神奈川県藤沢市、善行駅から歩くこと7分ほど。
住宅街の一角、静かに広がる竹林と小さな平屋に辿り着きます。
ここは、NPO法人さんわーく かぐやの活動の場。社会で生きづらさを抱える人たちの作業と暮らしの場所です。

2016年、greenz.jpでは、お金に頼りすぎず、地域の中で活動しながら自分らしく生きるさんわーく かぐや(以下、かぐや)のお話をお届けしました。

そんなかぐやの日常を3年半という時間をかけて撮り続けたドキュメンタリー映画『かぐやびより』が2022年に完成。同じ藤沢にある小さな映画館「シネコヤ」で2022年4月末に公開が始まると連日満席が続き、多くの方が鑑賞に訪れました。

全編ナレーションなし、スクリーンに流れるのはかぐやの風景とメンバーたちの日常。

なぜ、こんなにも多くの人が「かぐやの日常」を鑑賞しに訪れるのか。
その答えを探しに、監督であり、カメラマンでもある津村和比古監督にインタビューの機会を頂きました。日々、かぐやの日常をつくっている、かぐや理事長・藤田靖正さんのお話とともに映画『かぐやびより』のこと、「かぐや」のこと、感じてみてください。

左:津村和比古(つむら・かずひこ)
1946年東京都生まれ。カメラマン。大学卒業後、TVCF制作会社・学研クリエイティブ撮影部入社。1975年独立。
6歳の時、単独でチベットからインドへ亡命した少年の日常を描いたドキュメンタリー映画『オロ』で第21回日本映画撮影監督協会賞受賞。(2012年公開)
2022年、さんわーく かぐやのドキュメンタリー映画『かぐやびより』監督・撮影・編集を手がける。
右:藤田靖正(ふじた・やすまさ)
木彫家。NPO法人さんわーく かぐや理事長。 幼少より木彫を始め仏師へ弟子入り。28歳でさんわーく かぐやを立ち上げる。一方で、地元活性のアートイベント「まちあそ美」を開催。新潟「絵本と木の実の美術館」での、田んぼとビオトープをつなげた“鉢トープ“のプロジェクトや、岩手県飛ヶ森「音楽水車プロジェクト」、ルンタを使った「横浜復興支援祭り」でのアートワークなど協力多数。アートを通じて障害を持つ人との新しい社会づくりを行っている。2013年キララ賞受賞、2019年かながわ福祉サービス大賞特別賞受賞。

純粋にかぐやという場を撮る

かぐやの日常を描くドキュメンタリー『かぐやびより』。2017年11月から津村監督がカメラを回し始め、約3年半の風景を濃密に映像化しました。
率直に、なぜかぐやを映画にしようと思ったのでしょうか。

撮影が終わった今も頻繁にかぐやを訪れるという津村監督

津村監督 理由はないんです、あえて言うなら直感です。
2016年に、以前から映像を手がけていた、ミュージシャンのおおたか静流さんが「かぐや祭り」に出演するというので、初めてこの場所を訪れました。その時はまだぼんやりとした印象でしたが、翌年、当時の理事長・藤田慶子さんと靖正くん、スタッフやメンバーを見て、これは映画になるのではないかなと感じたんです、ただそれだけなんです。
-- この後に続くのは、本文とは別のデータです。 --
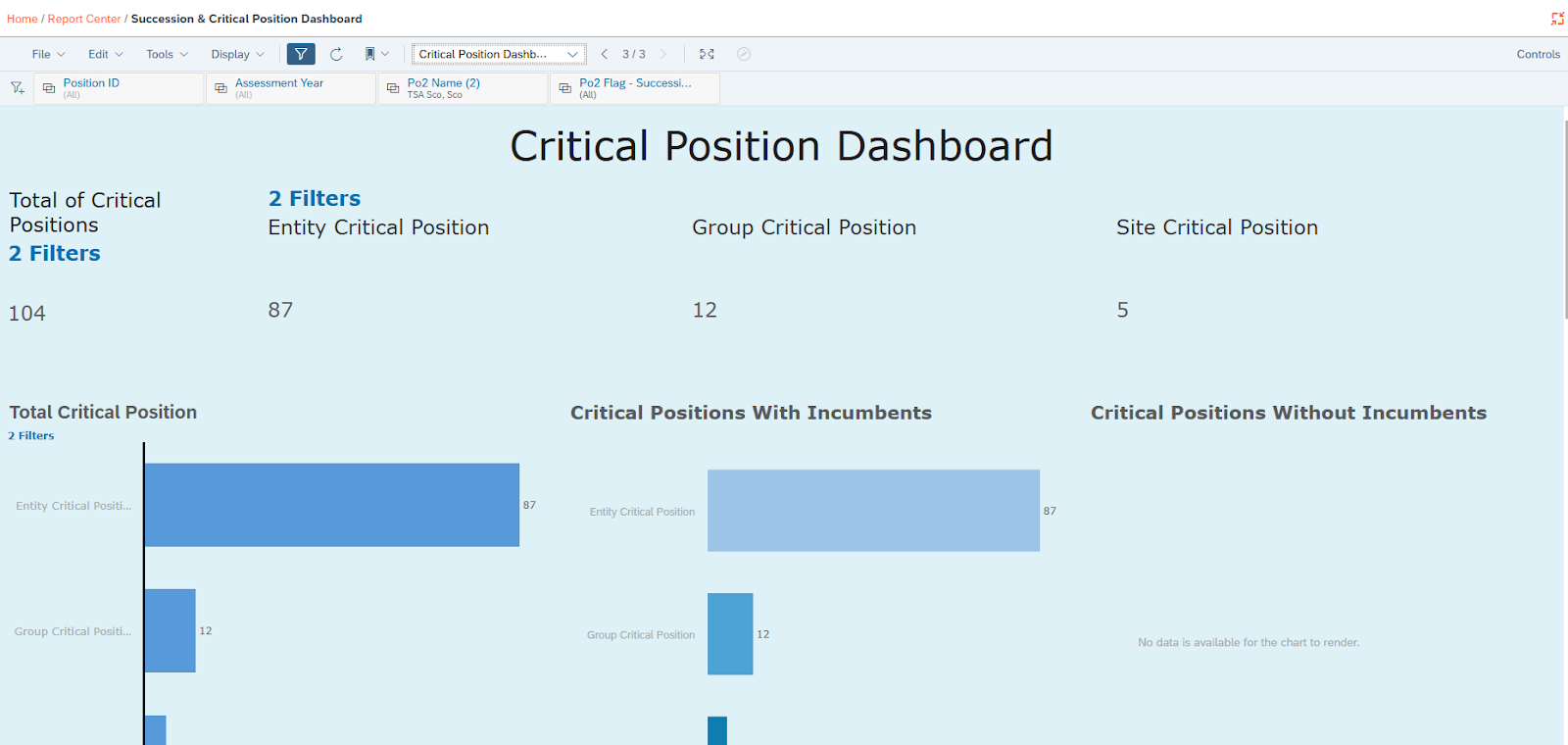 - Succession & Critical Position Dashboard | displays all positions that have identified successors, along with their successor details; provides a view of critical positions across the organization, with the ability to filter on the type of critical position to display further details; ability to view performance details of incumbents occupying critical positions within the organization.

食事をしたり、休憩する平屋の裏手に広がる竹林。その先にあるセルフビルドした作業場では陶芸やボタニカルアートなどが行われています

作業所の入り口には「山小屋」の看板が

散歩中の鶏に遭遇することも

まずは撮影から入ったという監督。その時の気持ちを改めてこう語ります。

津村監督 普通は映画を撮るとなると、この場所はどういうところでどういう人たちが暮らしていてどんな理念や理想を掲げて活動しているのかをリサーチします。
しかし、あえてそういう事前学習や情報収集をしないで、いきなり撮り始めました。

まずは映像を撮りたいという監督に対して藤田さんからは意外な返事がきたそう。

藤田さん 最初は映画という具体的な話ではなくて、「かぐやの日常を撮らせてほしい」と監督から言われました。これまでもいろいろな方がかぐやを訪れて、さまざまな形で関わってくれています。ここを撮りたいというお話もどうぞどうぞと、とくになにも構えることなくという感じでした。

津村監督 特別扱いされることもなく(笑) ある意味、意外ではありました。福祉施設と聞くと厳しいイメージがありますよね。ハードルがあって、撮る前にさまざまな注意事項を言われる。でもそれが一切なかったんです。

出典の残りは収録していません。